Trump's attempt to remove a Fed governor has become the most expensive test of central bank independence in modern history.
Trump's attempt to remove a Fed governor has become the most expensive test of central bank independence in modern history.

The cost of President Donald Trump's bid to fire Federal Reserve Governor Lisa Cook has exceeded $1 million in legal and security fees, a legal filing shows, as the Supreme Court prepares to rule on a case that could reshape the central bank's independence.
"The case is potentially the most important legal case in the Fed's 113-year history," Fed Chair Jerome Powell said, underscoring the stakes of the constitutional standoff.
Cook, the first Black woman ever appointed to the Fed Board, has racked up more than $1 million fighting Trump's attempt to remove her, according to the filing. Trump sent a firing letter on Aug. 25, 2025, citing alleged mortgage fraud involving two properties she designated as primary residences in loan applications dating back to 2021. Cook has denied any wrongdoing, and no criminal charges have been filed against her. She acknowledged the designations were "improper" but maintains they were not unlawful.
The case, known as Trump v. Cook, threatens to upend a century of precedent shielding the Fed from political interference. If the Supreme Court upholds Trump's power to fire a Fed governor without cause, future presidents could pressure the central bank to align monetary policy with political cycles — potentially eroding the credibility that underpins the dollar's role as the world's reserve currency.
A $1 million price tag for a constitutional question
Cook was sworn in on May 23, 2022, after being appointed by President Joe Biden. Her term is set to run until 2038. She did not go quietly after receiving the firing letter, instead pursuing legal action to block her dismissal. The case escalated to the Supreme Court, where oral arguments were heard on Jan. 21, 2026. A ruling is expected imminently.
The legal and security costs disclosed in the filing include fees for Cook's legal team and additional security measures she has required since the firing attempt, reflecting the personal toll of the standoff. No criminal charges have been filed against Cook in connection with the mortgage allegations.
A pattern of pressure on the Fed
Trump's attempt to remove Cook is part of a broader campaign against the central bank's independence that has spanned his return to power. During his first term, Trump appointed Powell as Fed chair but quickly turned on him, writing on social media in August 2019: "My only question is, who is our bigger enemy, Jay Powell or Chairman Xi?" He later accused the Fed board of having "no 'guts,' no sense, no vision!" for not matching negative interest rates used in Europe and Japan.
After returning to the White House, Trump escalated from rhetoric to action. He ordered a Department of Justice investigation into whether Powell had lied to Congress about cost overruns in a long-running renovation project at the Fed's Washington headquarters. He also attempted to fire Biden appointee Cook based on the mortgage fraud allegations — a move that has been put on hold while the Supreme Court considers whether the attempted firing was justified under the law.
The current fed funds rate stands at 4.25 percent to 4.50 percent, unchanged since the 25-basis-point cut in December 2024. Overnight index swap markets price a 58 percent probability of a hold at the next meeting in July, according to CME FedWatch data.
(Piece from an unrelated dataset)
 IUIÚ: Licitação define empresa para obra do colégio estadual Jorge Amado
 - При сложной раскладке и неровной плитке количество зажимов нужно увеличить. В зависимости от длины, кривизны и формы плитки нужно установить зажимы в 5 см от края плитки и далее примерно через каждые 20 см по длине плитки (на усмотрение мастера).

What a ruling against Cook would mean
A Supreme Court decision allowing Trump to fire Cook without cause would mark the most significant legal shift in the Fed's governance since the Banking Act of 1935 established the current structure of the Board of Governors. That law gave governors 14-year terms and removed the Treasury secretary from the board, creating the institutional firewall that has allowed the Fed to set interest rates without regard to electoral cycles.
If the court sides with Trump, the immediate impact would be felt in bond markets, where the term premium on long-dated Treasuries could rise as investors price in a higher risk of political interference in monetary policy. The last time the Fed's independence was seriously questioned — during the Nixon administration's pressure on then-Chair Arthur Burns to keep rates low ahead of the 1972 election — inflation averaged 6.2 percent over the following two years, compared with the current 3.8 percent annual CPI reading.
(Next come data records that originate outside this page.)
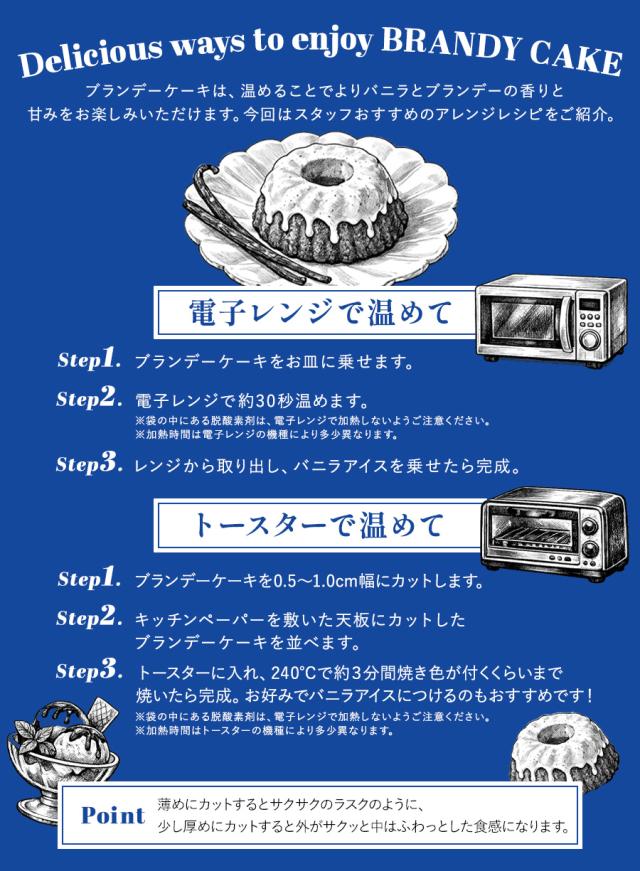 マダガスカル産バニラと、フランス産葡萄でつくられたブランデーを練り込み焼き上げた、甘く恍惚な香りのブランデーケーキ。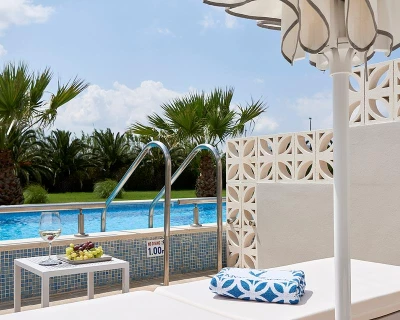 The rooms and suites at Mythos Palace are light, stylish and designed for complete comfort. Expect soothing colours, natural textures and peaceful spaces that reflect the beauty of the coastline. Choose from well-appointed doubles, spacious family rooms or premium options with private pools or swim-up access. Every room offers modern amenities, luxurious bedding and a balcony or terrace perfect for quiet morning coffees or relaxing evenings.
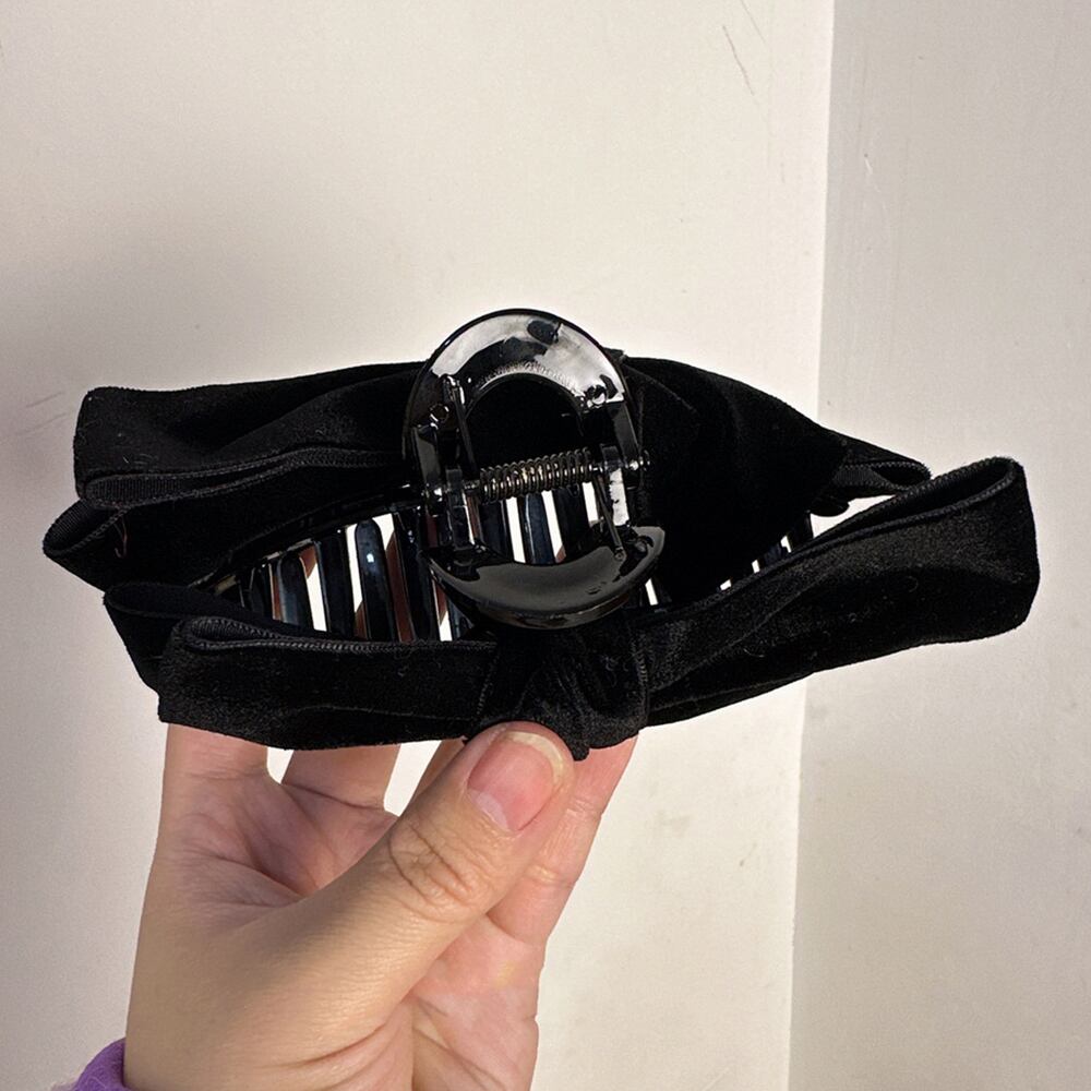 光沢感のあるベルベットで上品な印象になる韓国風ヘアクリップ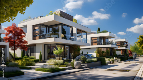 modern townhouse Linked house, two-story house, 3D, eye-level view, daytime, blue sky, white clouds Generative AI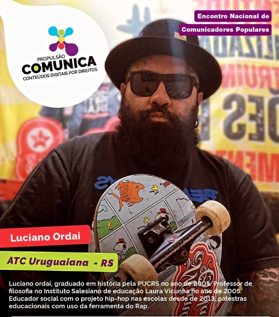 Luciano Ordai que recentemente rodou o documentário “Hip Hop nas Escolas” e atua como agente territorial de Cultura do Minc, consolidou-se como uma das maiores referências do setor na região. Com uma trajetória que une o asfalto do skate à força das rimas, o artista levou o nome de Uruguaiana para a Nave Coletiva da Mídia Ninja, em São Paulo. Agora prepara-se para uma turnê europeia em agosto, com shows do Rap Pampa Crew confirmados na Bélgica.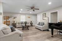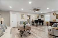 This beautiful updated home offers a fresh modern feel with a host of recent renovations. Located in a peaceful cul- de- sac, It' s perfect for anyone looking for comfort and style. ( New flooring throughout, Renovated Master Bedroom with Added Bath, Renovated Guest Bedroom with Full Bath, Renovated 3rd Full Bath, Remodeled Living Room, Dining Room and Kitchen W/ New Appliances ( Refrigerator, Gas Range, Garbage Disposal & Sink and Kitchen Island) Added New Laundry Room, Renovated Family Room W/ Wood Heater with a peaceful view of the private back yard , Added Study/ Office in Garage ( 160 Sq Ft) , New Paint inside and out, Surveyed Lot W/ Installed Chainlink fence around Back Yard, New Gutters and Downspouts, New Roof 2023, New Blacktop on Drive 2023, Covered front porch and back deck, Some new Landscaping. The home is move- in ready, with thoughtful updates throughout to make it both functional and stylish. Don' t miss your chance to own this newly- renovated gem!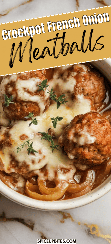 The onions caramelize slowly to bring out their natural sweetness, which pairs perfectly with the savory meatballs. The cornstarch thickens the broth into a silky gravy. And melting cheese on top adds creaminess and pulls everything together like a warm French onion soup.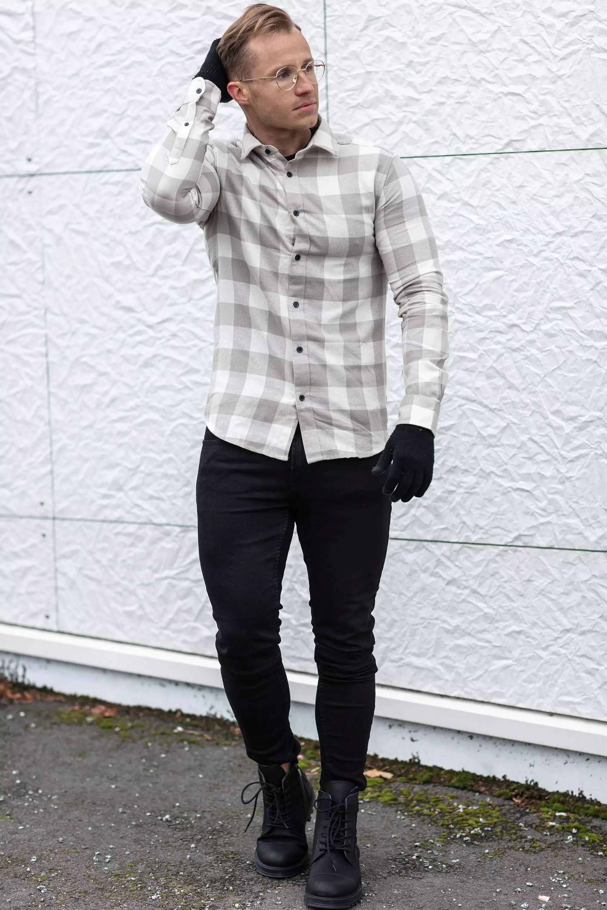 ONLY & SONS light check shirt. Plaid shirts are perfect for fall! The product can be worn open or closed, combined with a leather jacket and black jeans. Classic button fastening, logo on the hem.

The broader implication extends beyond Cook. If the president can fire a Fed governor at will, the central bank's ability to make unpopular decisions — raising rates to cool inflation even when it hurts the incumbent party — would be compromised. That dynamic could force the Fed to lean hawkish in its communications to compensate for the perceived loss of independence, effectively tightening financial conditions without moving rates.
This article is for informational purposes only and does not constitute investment advice.